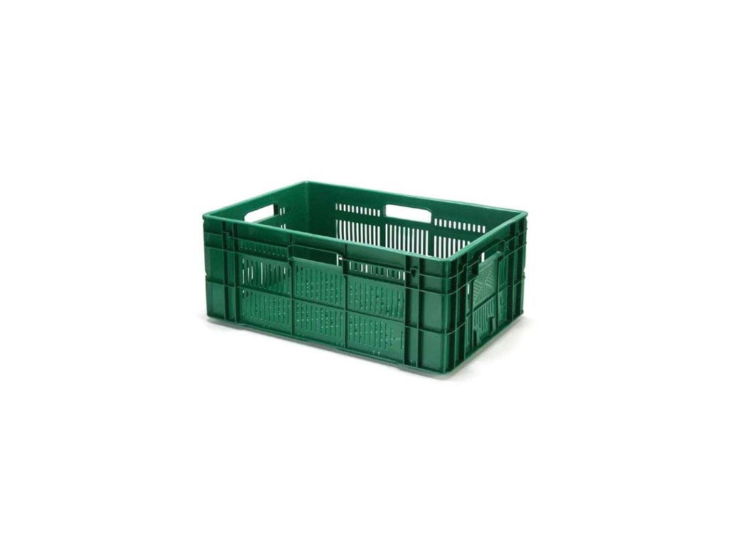 Zesílená přepravka vhodná na ovoce a zeleninu, průhmaty na všech stranách.
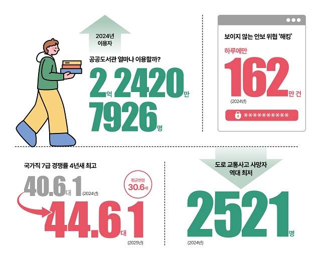 2024년 전국 공공도서관 이용자 수는 전년 대비 10.8% 증가한 2억 2420만 명을 기록했습니다. 우리나라를 위협하는 해킹 시도는 일평균 162만 건에 달하며, 도로 교통사고 사망자는 역대 최저치를 기록했습니다. 국가직 7급 공채 경쟁률은 최근 4년 사이 가장 높은 수준을 보였습니다. 자세한 내용은 정책주간지 'K-공감'을 확인하세요.
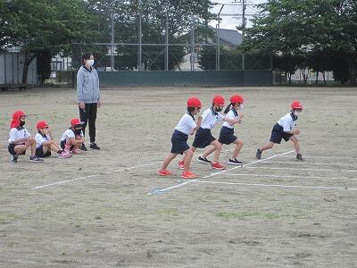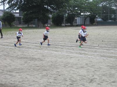 5月14日(金)は、梅雨の合間の曇り空で、1年生が運動場でかけっこをしていました。4,5人ずつ並んで、先生の合図で走ります。スタート位置からやる気満々の様子で、一生懸命に走っていました。
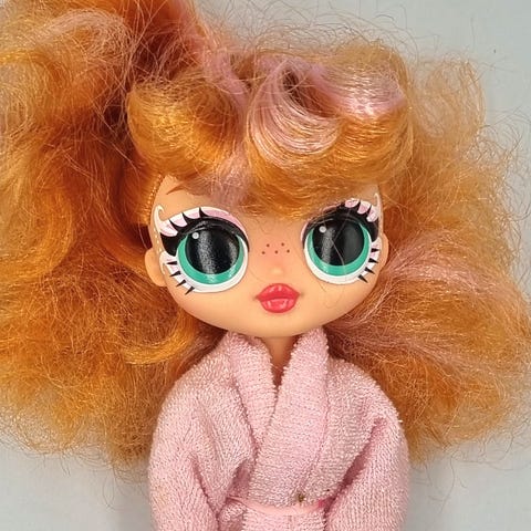 Dukken har en metal arm og sølv make up. Kort blond hår med gult i.
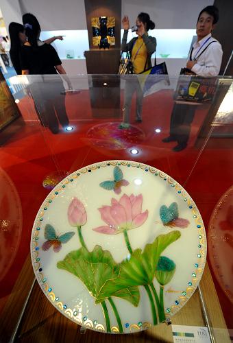 9月17日,观众在台湾工艺品展位前参观。新华社记者 孙参 摄
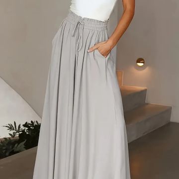 Solid Color Loose Elastic Waist Wide Leg Pants, Slant Pocket Spring
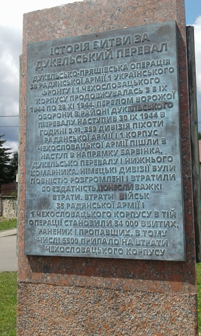На обеліскові у польському містечку Дукля я бачив такий напис: «Втрати військ 38-ї радянської армії і 1-го Чехословацького корпусу в тій операції становили 84 тисячі вбитих, поранених і безвісти зниклих, в тому числі 6 500 припало на втрати Чехословацького корпусу». Зрозуміло, що значна частина втрат корпусу – сини і доньки Срібної землі. За властивими для нашого краю прізвищами, викарбуваними на могильних плитах меморіального комплексу на Дукельському перевалі за Вишнім Комарніком, можна складати карту населених пунктів Закарпаття…
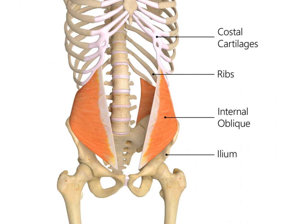 This is a broad, sheet-like muscle, located deep to the external oblique. Smaller than the external oblique, fibers of this muscle slope upwards and forwards. It can be described as running superiorly and medially (think of left hand on heart).
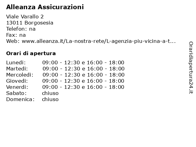 | Lunedi | 09:00-12:30 e 16:00-18:00 |
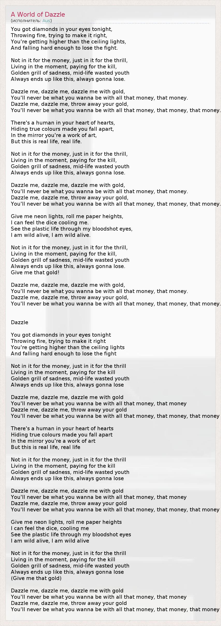 А как ты думаешь, о чем песня "A World of Dazzle" ?
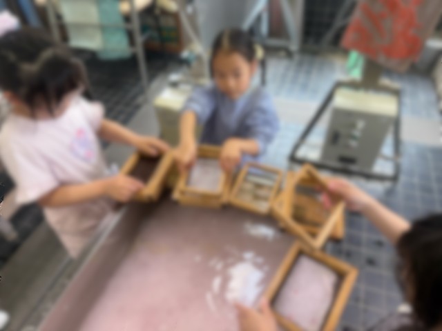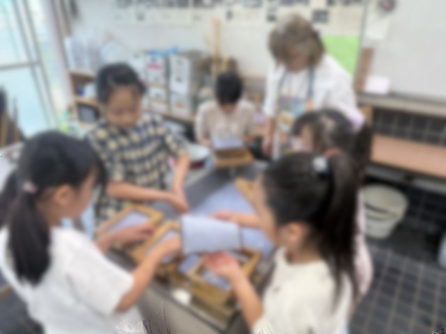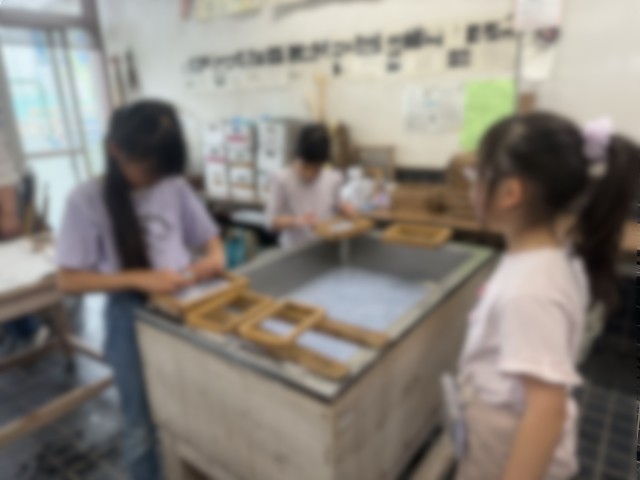 20分休みに伝統工芸室に向かう子どもたち。慣れた手つきで紙を漉いていました。山崎の伝統を大切にしています。
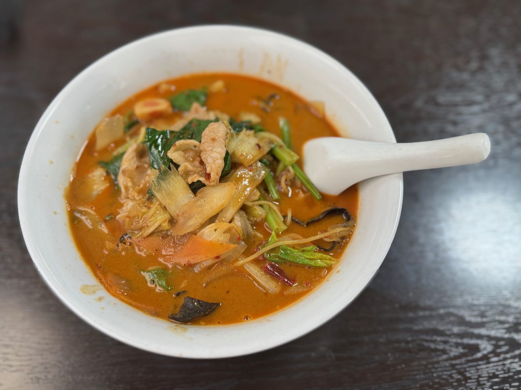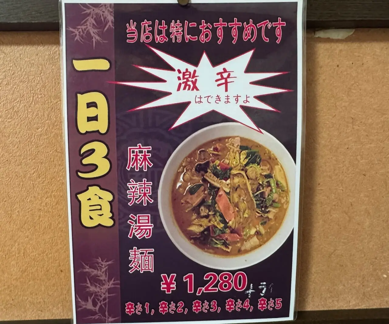 辛いものが好きな同行者は特におすすめの「麻辣湯麺」1,280円を選びました。辛さが1~5まで選べます。辛さ5の激辛を注文しました。

##############################

WHAT IS NEEDED
Could you retype all the entries above exactly, without the pictures?

FINISHED TASK
 Zesílená přepravka vhodná na ovoce a zeleninu, průhmaty na všech stranách.
 2024년 전국 공공도서관 이용자 수는 전년 대비 10.8% 증가한 2억 2420만 명을 기록했습니다. 우리나라를 위협하는 해킹 시도는 일평균 162만 건에 달하며, 도로 교통사고 사망자는 역대 최저치를 기록했습니다. 국가직 7급 공채 경쟁률은 최근 4년 사이 가장 높은 수준을 보였습니다. 자세한 내용은 정책주간지 'K-공감'을 확인하세요.
 5月14日(金)は、梅雨の合間の曇り空で、1年生が運動場でかけっこをしていました。4,5人ずつ並んで、先生の合図で走ります。スタート位置からやる気満々の様子で、一生懸命に走っていました。
 Dukken har en metal arm og sølv make up. Kort blond hår med gult i.
 9月17日,观众在台湾工艺品展位前参观。新华社记者 孙参 摄
 Solid Color Loose Elastic Waist Wide Leg Pants, Slant Pocket Spring
На обеліскові у польському містечку Дукля я бачив такий напис: «Втрати військ 38-ї радянської армії і 1-го Чехословацького корпусу в тій операції становили 84 тисячі вбитих, поранених і безвісти зниклих, в тому числі 6 500 припало на втрати Чехословацького корпусу». Зрозуміло, що значна частина втрат корпусу – сини і доньки Срібної землі. За властивими для нашого краю прізвищами, викарбуваними на могильних плитах меморіального комплексу на Дукельському перевалі за Вишнім Комарніком, можна складати карту населених пунктів Закарпаття…
 This is a broad, sheet-like muscle, located deep to the external oblique. Smaller than the external oblique, fibers of this muscle slope upwards and forwards. It can be described as running superiorly and medially (think of left hand on heart).
 | Lunedi | 09:00-12:30 e 16:00-18:00 |
 А как ты думаешь, о чем песня "A World of Dazzle" ?
 20分休みに伝統工芸室に向かう子どもたち。慣れた手つきで紙を漉いていました。山崎の伝統を大切にしています。
 辛いものが好きな同行者は特におすすめの「麻辣湯麺」1,280円を選びました。辛さが1~5まで選べます。辛さ5の激辛を注文しました。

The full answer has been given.